Mais do que maldições, agora teme a partida definitiva da AMI, pois “nesse dia Bolama voltará a viver como antes”. No futuro, tal como Mussa, “gostava de trabalhar mais com a AMI, num projeto onde pudesse continuar a aplicar o conhecimento adquirido”.

Mussa Baió (46 anos) e Mustafá Sambú (60 anos) desejam que a AMI permaneça em Bolama a trabalhar com saúde comunitária

Ser parte da mudança

De 2014 a 2022, Mussa assistiu a uma “grande mudança de Bolama, com o “Papia Ku Mi”, e teme que tudo fique perdido”.

De agente de saúde comunitária, passou a coordenador local do projeto.
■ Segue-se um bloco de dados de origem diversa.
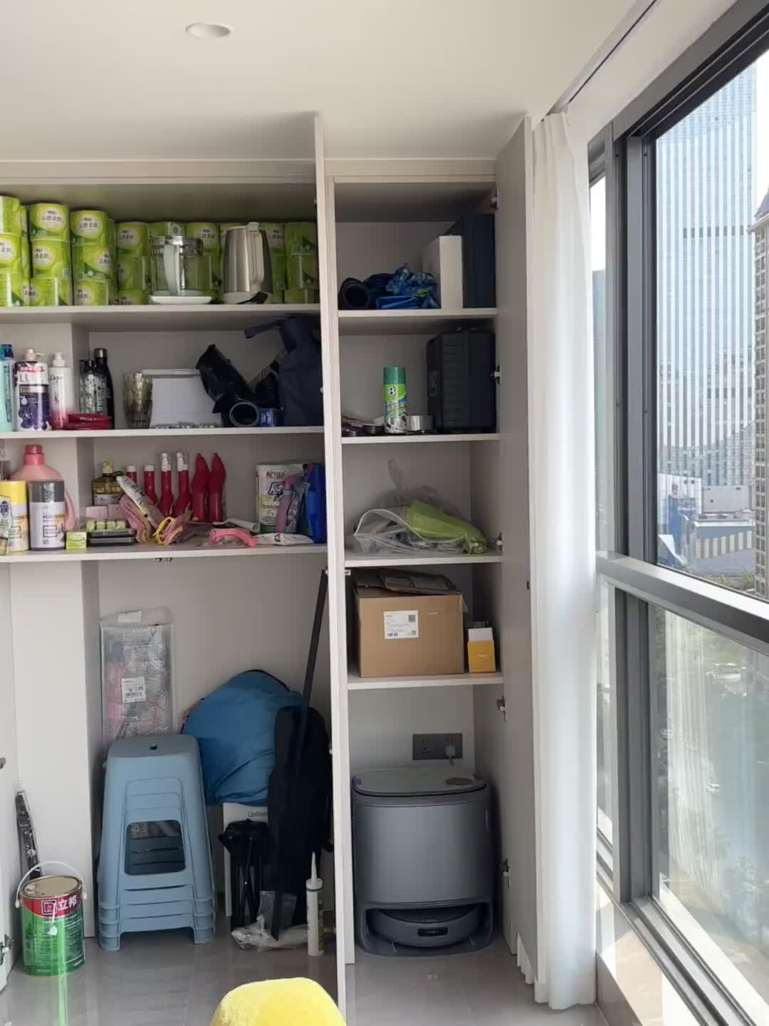 抄作业!阳台柜一定要留长格+无底板! 家里收纳最大的痛点之一是:梯子、凳子、洗地机、行李箱等大物件没地方收纳。

É “quase um enfermeiro”, diz entre sorrisos. “Muitas mulheres telefonam a perguntar coisas sobre a menstruação e a gravidez. Antes do “Papia Ku Mi” não se falava sobre isso”. Aliás, “as meninas ainda faltam à escola quando estão menstruadas, porque não têm condições nem produtos de higiene”. Algo que tem mudado, depois de, no âmbito do “Papia Ku Mi”, ter sido implementado um atelier de costura, onde costuram pensos de pano, reutilizáveis.

Grandes mudanças, depois de um início de projeto conturbado, em que “as pessoas rejeitavam as informações sobre gravidez precoce e excisão”. Um dos comités locais, constituído pelos homens que representam as aldeias, chegou a “expulsar as meninas das palestras, para não ouvirem o que estava a ser dito”.

Pouco a pouco, as mensagens começaram a ser aceites e Mussa destaca que “os programas de rádio ajudaram muito, pois, todos os meses era selecionado um tema para ser comentado e debatido”. Atualmente, “é possível que, em cada cinco pessoas, quatro possam explicar tudo sobre saúde sexual e reprodutiva”.

Para o guineense, “a ideia do “Papia Ku Mi” foi brilhante, porque ainda não tinha sido implementado um projeto tão próximo das comunidades”. O seu envolvimento com a defesa dos direitos das mulheres e crianças começou antes de a AMI chegar a Bolama.

Em 1997, foi secretário de uma associação direcionada para o empoderamento de mulheres. Um “desafio revigorante”, na época em que desistiu de estudar arquitetura em Portugal, porque “o curso era caro para as possibilidades da família”.

O sonho ficou atrás do rasto que deixava entre Buba e Bissau, a trabalhar no transporte de pessoas e mercadorias. E, “começou a nascer outra vida, que queria dedicar a ajudar quem tem dificuldades, não apenas em termos financeiros, mas com novas ideias”, só não sabia como conseguir.

Para se preparar, começou a frequentar ações de formação sobre doenças sexualmente transmissíveis e ambiente. Até que, um dia, cruzou o seu caminho com o da AMI e conseguiu realizar o propósito de vida que sonhava, através do projeto “Papia Ku Mi”.